Scénaristiquement on a donc légitiment un peu peur dès le départ mais il faut bien avouer que la suite nous offre quelques agréables surprises.

On commence donc par une course poursuite entre le boogeyman et Jamie tentant de sauver la progéniture ultime des Strode. Myers est dans la nature et c’est tout Haddonfield qui vit dans le mythe et la terreur.

Première agréable surprise c’est la présence de Donald Pleasence dans sa dernière interprétation du célèbre docteur Loomis. Emouvant donc de le retrouver, dernier acteur survivant du premier opus.

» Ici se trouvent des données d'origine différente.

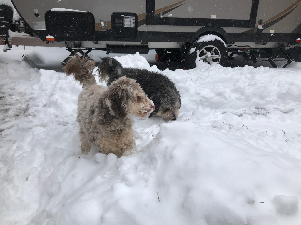 Aussiedoodles (and probably all doodles) have a complicated relationship with snow. First, they absolutely love it. I’ve never seen my dogs as excited as when we get a bunch of snow. They run around the yard in pure ecstasy, frolicking and playing, and then they walk around eating it.

La deuxième surprise c’est la qualité retrouvée de la photographie grâce à un très joli jeu de lumières (très beaux contre-jours) et des prises de vues étudiées. Le montage est nerveux et accentue la tension existante au même titre que les effets sonores retentissants.

Enfin, le gore réapparaît tout doucement dans les années 90 et avec lui Halloween à travers des scènes pimentées sans doute pour concurrencer l’imposant succès des Scream. Le sang gicle et les plans larges des mises à mort captivent terriblement à l’image de cette explosion de tête d’un Bradford English, sorte de Bill Clinton grossi.

Pour les passionnés de la série, Joe Chappelle a l’ingénieuse idée de nous représenter des anciens personnages de 78 noyant parfois nos mémoires de nombreuses références mais offrant ainsi un bel hommage de la saga originale.

Quant à Michael, il est égal à lui-même, la chevelure rock’n roll, robotique, froid, mécanique et sans pitié possédant même sa marque de fabrique tatouée à son bras et inspirée de la mythologie celtique. Il devient le bras armé d’une secte dont il n’a que faire et dont il va se débarrasser très vite.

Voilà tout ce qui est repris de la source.